→ What this task involves: Transcribe each entry exactly as it appears, leaving out any picture it holds.

── Records for the exercise ──

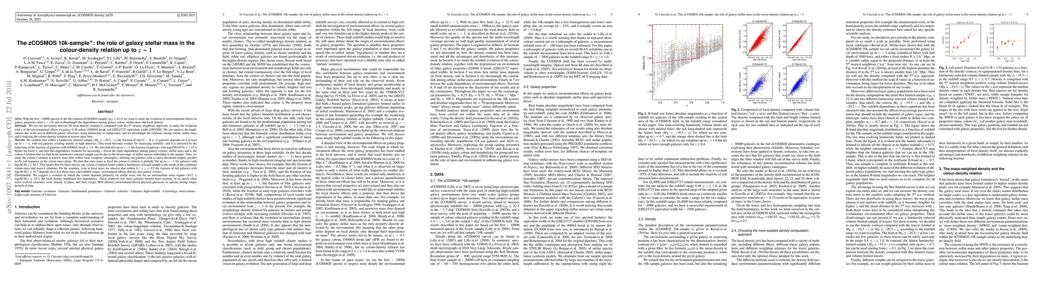 The zCOSMOS 10k-sample study reveals that galaxy colour-density relations are influenced by stellar mass and local density, with red galaxies predominantly found in high-density regions up to z=1. For galaxies with high stellar mass (log(M/M_sun)>=10.7), the colour-density relation is flat due to the combined colour-mass and mass-density effects.
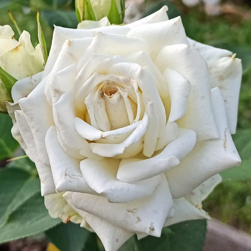 Isle of White to kompaktowa róża wielkokwiatowa z kolekcji Holiday Island. Dorasta na wysokość około 80 cm, tworzy zwarty krzew. Kwiaty czysto białe i lekko pachnące. Liście z delikatnym połyskiem. Odmiana ta wykazuję dobrą odporność na choroby grzybowe. Powtarza kwitnienie od wiosny do jesieni. Polecana na kwiat cięty.
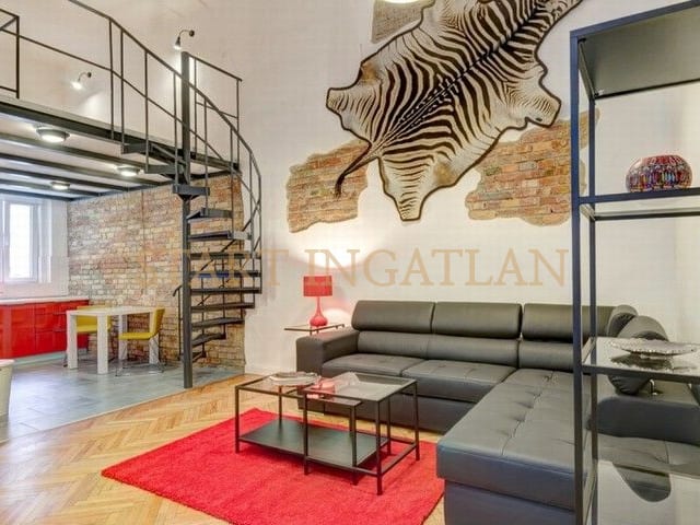 LOFT-type 70 sqm luxurious flat for rent on 1st floor (elevator) in a nice building. Lower level: large living room with open-plan kitchen and dining area, 1 bedroom with bathroom. Gallery: 1 bedroom, 1 shower with toilet, walk-in closet. The kitchen is equipped, there are modern, up-to-date furniture, unique atmosphere. Common cost: 17.000 HUF/month.
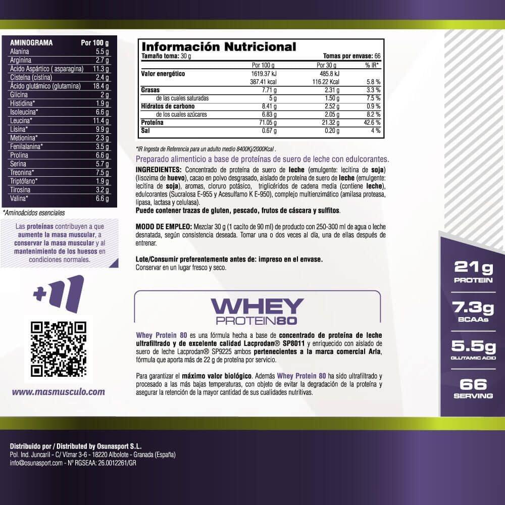 MASmusculo Whey Protein80 is a food product based on ultrafiltered whey protein, further enriched with whey protein isolate, from the best Lacp raw material
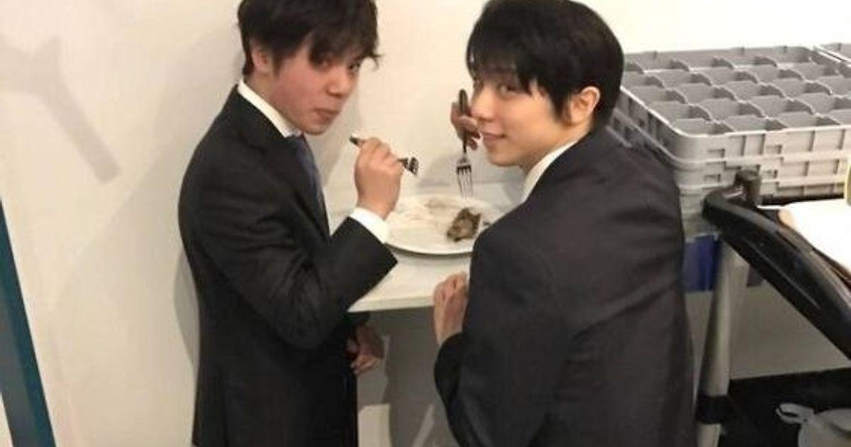 Застукали с поличным когда они хомячили! :) По-простому так, в костюмах, на полу) У Юзуру вид, как будто он стащил чей-то обед)
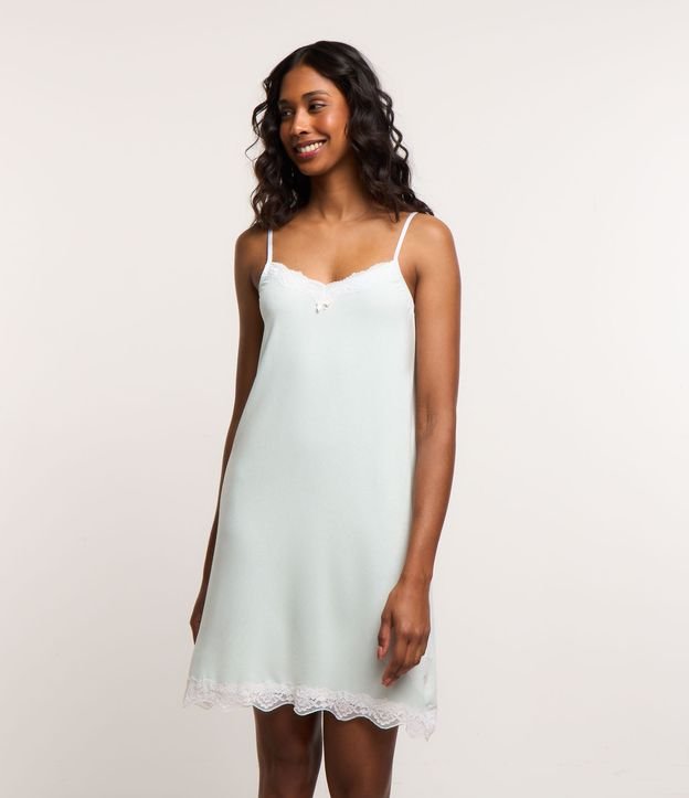 Camisola Alcinha e Renda com Lacinho no centro Azul Claro

───

→ Answer space:
 The zCOSMOS 10k-sample study reveals that galaxy colour-density relations are influenced by stellar mass and local density, with red galaxies predominantly found in high-density regions up to z=1. For galaxies with high stellar mass (log(M/M_sun)>=10.7), the colour-density relation is flat due to the combined colour-mass and mass-density effects.
 Isle of White to kompaktowa róża wielkokwiatowa z kolekcji Holiday Island. Dorasta na wysokość około 80 cm, tworzy zwarty krzew. Kwiaty czysto białe i lekko pachnące. Liście z delikatnym połyskiem. Odmiana ta wykazuję dobrą odporność na choroby grzybowe. Powtarza kwitnienie od wiosny do jesieni. Polecana na kwiat cięty.
 LOFT-type 70 sqm luxurious flat for rent on 1st floor (elevator) in a nice building. Lower level: large living room with open-plan kitchen and dining area, 1 bedroom with bathroom. Gallery: 1 bedroom, 1 shower with toilet, walk-in closet. The kitchen is equipped, there are modern, up-to-date furniture, unique atmosphere. Common cost: 17.000 HUF/month.
 MASmusculo Whey Protein80 is a food product based on ultrafiltered whey protein, further enriched with whey protein isolate, from the best Lacp raw material
 Застукали с поличным когда они хомячили! :) По-простому так, в костюмах, на полу) У Юзуру вид, как будто он стащил чей-то обед)
 Camisola Alcinha e Renda com Lacinho no centro Azul Claro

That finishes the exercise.